-- Given records follows --
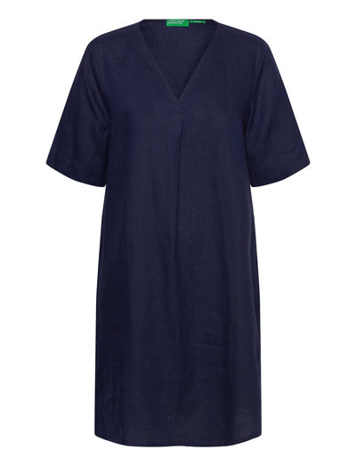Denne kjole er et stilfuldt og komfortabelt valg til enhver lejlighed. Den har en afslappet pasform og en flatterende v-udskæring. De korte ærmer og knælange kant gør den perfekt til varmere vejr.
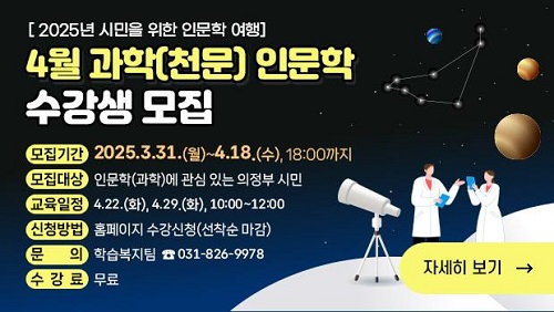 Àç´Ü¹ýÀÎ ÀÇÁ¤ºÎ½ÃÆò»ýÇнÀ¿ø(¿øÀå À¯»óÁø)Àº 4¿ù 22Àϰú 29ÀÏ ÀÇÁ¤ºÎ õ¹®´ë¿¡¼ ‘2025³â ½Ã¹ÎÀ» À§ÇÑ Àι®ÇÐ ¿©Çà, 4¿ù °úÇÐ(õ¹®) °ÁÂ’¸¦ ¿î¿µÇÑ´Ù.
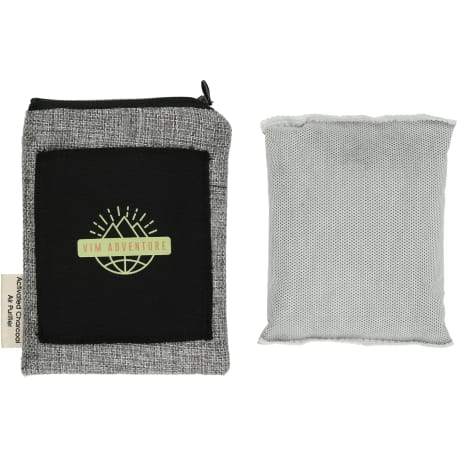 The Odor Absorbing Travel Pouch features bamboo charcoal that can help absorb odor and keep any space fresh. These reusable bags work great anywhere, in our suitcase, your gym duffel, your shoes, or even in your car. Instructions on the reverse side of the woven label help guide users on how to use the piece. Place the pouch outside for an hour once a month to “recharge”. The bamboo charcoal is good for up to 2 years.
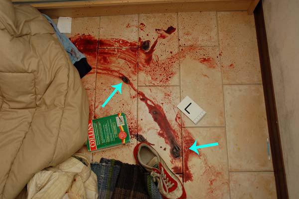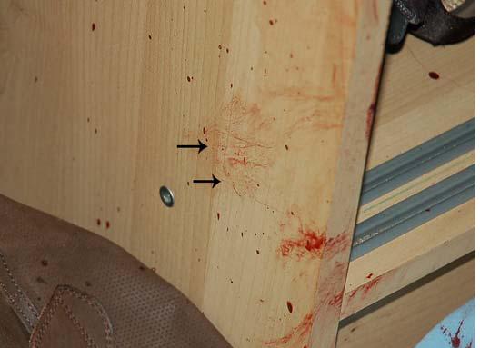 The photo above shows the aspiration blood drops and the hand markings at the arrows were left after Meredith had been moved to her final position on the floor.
-- Given records concluded --
-- Given records follows --
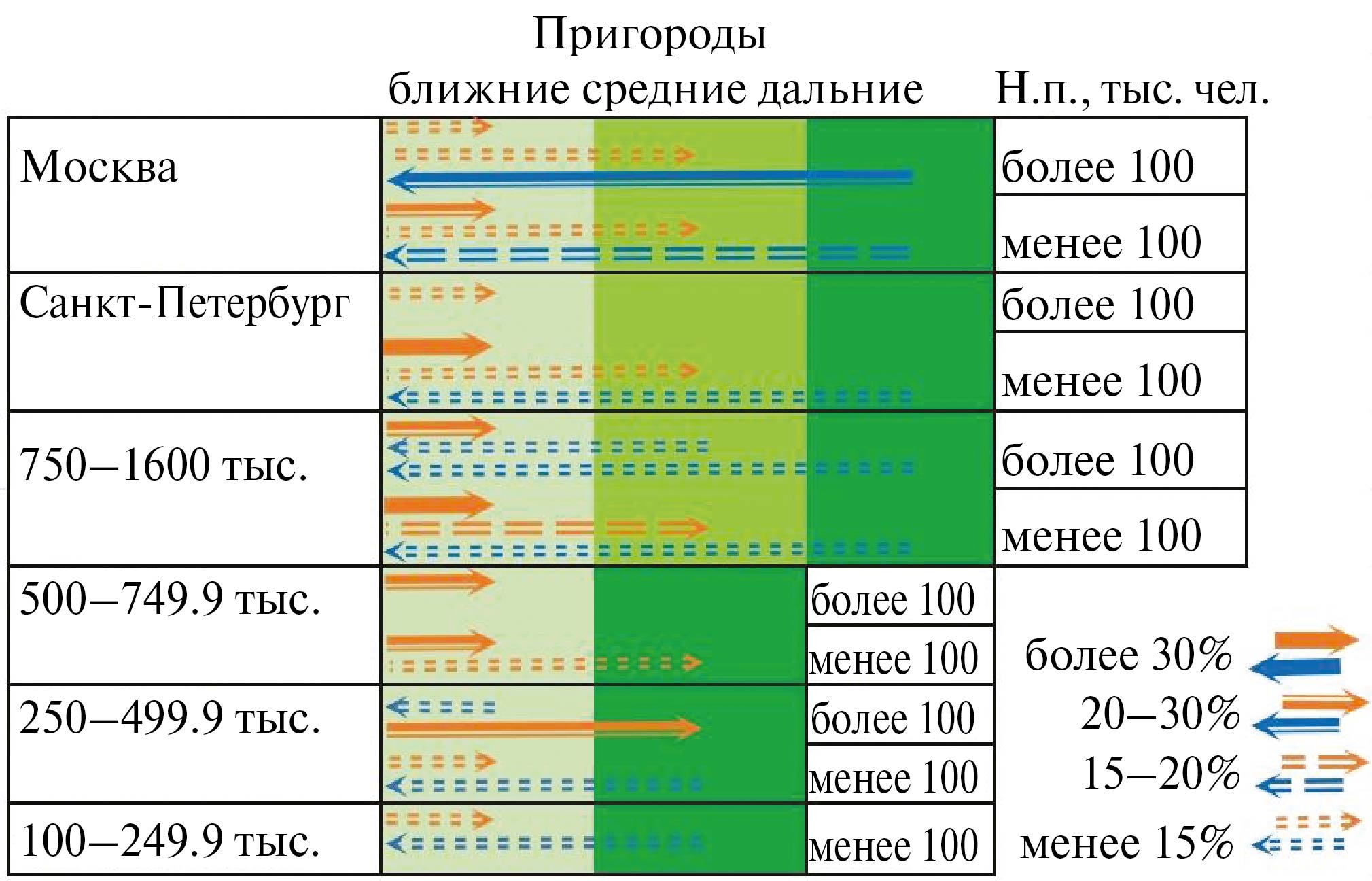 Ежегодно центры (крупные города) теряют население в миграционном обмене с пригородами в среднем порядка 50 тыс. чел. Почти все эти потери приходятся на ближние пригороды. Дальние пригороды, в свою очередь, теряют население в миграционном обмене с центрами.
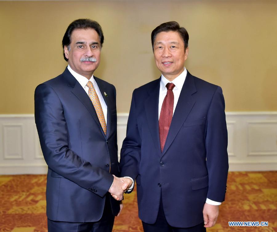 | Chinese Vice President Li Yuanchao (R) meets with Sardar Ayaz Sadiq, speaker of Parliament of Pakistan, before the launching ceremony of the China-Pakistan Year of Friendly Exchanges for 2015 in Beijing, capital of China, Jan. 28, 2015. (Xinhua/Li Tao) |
-- Given records concluded --
◆ **Activity**
Using the listing above, repeat word for word each line from the one with "Denne kjole er" down to the one with "4¿ù °úÇÐ(õ¹®) °ÁÂ’¸¦ ¿î¿µÇÑ´Ù.", both included. Omit all pictures.

◆ **Result for this task**
Denne kjole er et stilfuldt og komfortabelt valg til enhver lejlighed. Den har en afslappet pasform og en flatterende v-udskæring. De korte ærmer og knælange kant gør den perfekt til varmere vejr.
 Àç´Ü¹ýÀÎ ÀÇÁ¤ºÎ½ÃÆò»ýÇнÀ¿ø(¿øÀå À¯»óÁø)Àº 4¿ù 22Àϰú 29ÀÏ ÀÇÁ¤ºÎ õ¹®´ë¿¡¼ ‘2025³â ½Ã¹ÎÀ» À§ÇÑ Àι®ÇÐ ¿©Çà, 4¿ù °úÇÐ(õ¹®) °ÁÂ’¸¦ ¿î¿µÇÑ´Ù.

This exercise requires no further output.